Result of color transition test. The input image is artificially generated by code. Methods which capture global features ([3], [46], [56], and ours) showed natural transition results. However, ResNet [49] which only used local features failed to map proper colors. Vision Trasnformer methods ([46] and ours) commonly have a difficulty of restoring blue colors or yellow colors.
F. Ablation Study
To verify the effects of each component [49], [50], [51], we performed an ablation study on each layer. RSTL showed a higher score than the CNN-based methods as shown in Table 2. We firstly expected SE module [51] could bring performance boost as described in [47] which introduced a new Vision Transformer architecture adding SE module on the basic layer of ViT [44]. SE-STL scored higher than CNN-based methods but could not bring performance improvement compared to RSTL. In [47], dense connection hindered training of Vision Transformer. As the experimental results of SE-STL showed the opposite result to [47], we expected dense connection in low-level problems would be positive. As a result, DSTL recorded a higher score than RSTL. The result can be shown in Table 4. To effectively use richer information of dense connection, we added SE module on DSTL (DSE-STL).

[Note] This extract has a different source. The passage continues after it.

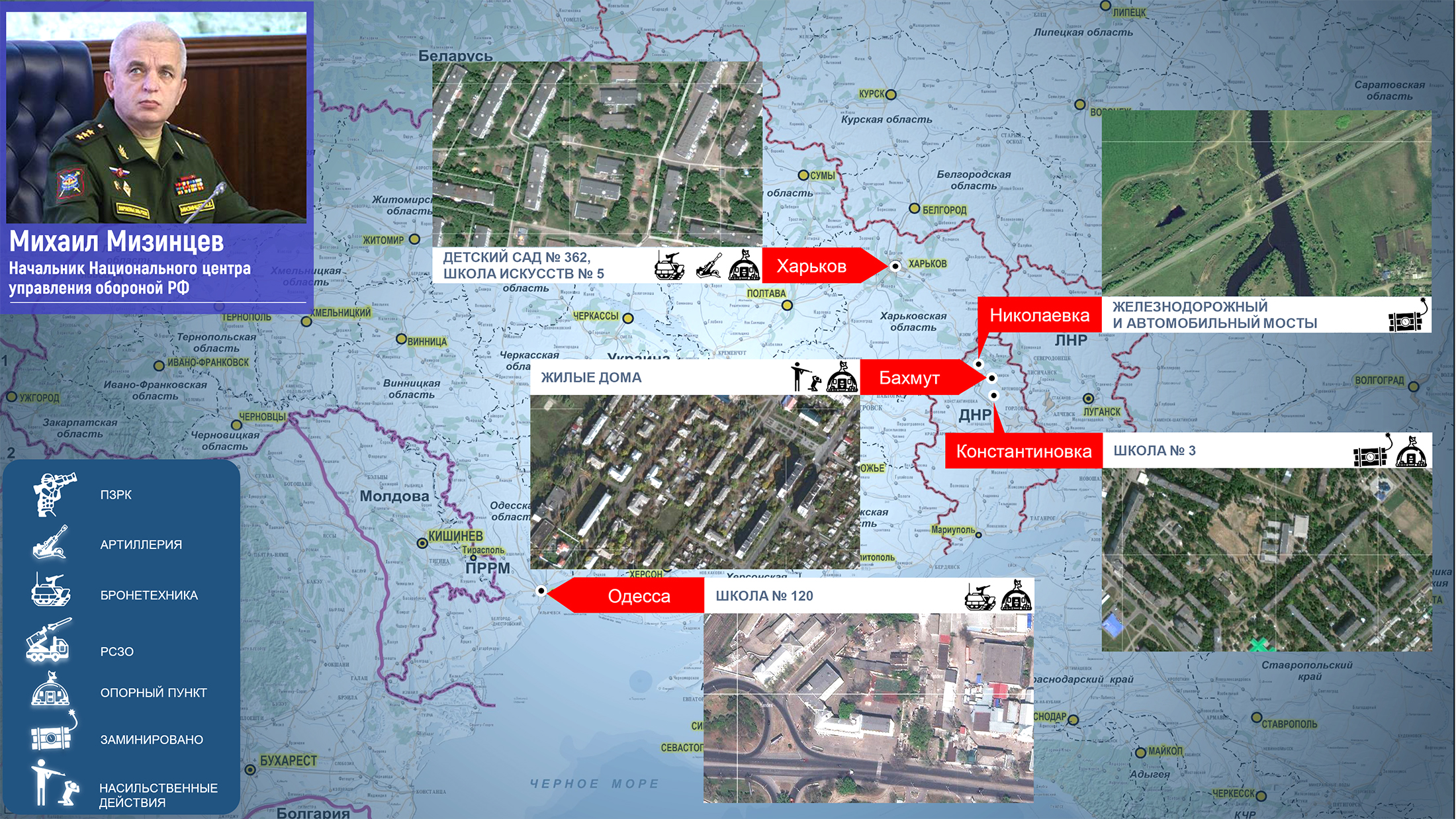 В российском межведомственном координационном штабе по гуманитарному реагированию продолжают фиксировать факты преступлений киевского режима в отношении мирных граждан, а также использования вооруженными формированиями Украины жилых домов, образовательных учреждений и других социальных объектов в военных целях. О новых таких случаях рассказал руководитель этого штаба начальник Национального центра управления обороной РФ генерал-полковник Михаил Мизинцев.
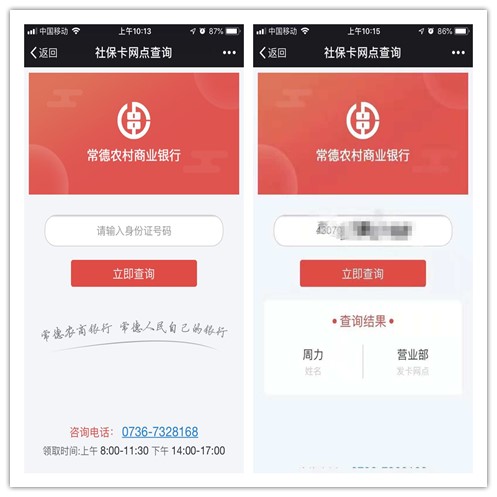 据悉,以往由于代理发放涉及的行政区域广、范围大、客户数量多,参保人领卡经常在人社局、银行网点间来回奔波,各营业网点为客户查询社保卡发卡网点的工作量越来越大,各级的查询电话也是应接不暇。今年以来,为方便参保人查询信息、领取社保卡,常德农商银行电子银行部主动作为、积极创新服务方式,联系科技公司开发了社保卡领卡网点查询二维码,并在人社局和辖内营业网点设立社保卡发卡网点查询二维码标牌,将全行库存卡及新增卡信息全部录入数据库,参保人只需手机扫一扫二维码,输入身份证号码,就能显示其具体领卡的营业网点,然后直接携带身份证到相应的网点领卡、激活。查询二维码的推出大大节省了人力,进一步促进“信息多跑路、百姓少跑腿”,实现社保卡发卡网点的精准查询和参保人领卡“最多跑一次”,解决了社保卡在网点的积压和延后激活的问题,极大提高了网点的服务能力和工作效率。

As we expected, DSE-STL scored the highest in PSNR and SSIM with the margin of 0.79dB and 0.0014, respectively.
G. User Study
We conduct a user study and compare our approach to AGCM [3] and SwinIR [46] in order to further confirm the perceptual quality. 15 people took part in the user study that we conducted. 5 people are women and the others are men. 20 photos are chosen at random from the HDR synthesized images. We show people two images of ground truth and a synthesized image to compare image quality. We asked participants to rate their preferences between ground truth and synthesized image on a scale of -3, -2, -1, 0, 1, 2, 3, with 3 indicating that our result is significantly better and -3 suggesting it is not. As shown in Table 5, our strategy outperformed others in terms of visual performance. The outperformed results are because our proposed method utilizes both Vision Transformer and CNN architecture so that it easily conducts global and local mapping.
Discussion
We used images of the dataset from HDRTVNet [3]. It is consist of converted images of 22 pairs of SDRTV and HDRTV videos. We used images during the training and test time. To extend image results to video results, We found that our method works well in the video with ignorable temporal distortions. We verified that the proposed method can be applied further to the video domain.
Conclusion
We introduced DSE-STL as a new Vision Transformer architecture for low-level vision problems. We found that Vision Transformer methods including DSE-STL is capable of addressing the SDRTV-to-HDRTV conversion problem better than CNN-based methods [3], [49], [56]. Also, we showed the architectural strategies proposed for CNN can boost the performance of Vision Transformer such as residual connection [49], dense connection [50], and SE module [51]. Through quantitative experimental and visualization results, we verified our method is outperforming in terms of metrics and visual quality.
ACKNOWLEDGMENT
(Joon-ki Bae and Subin Yang contributed equally to this work.)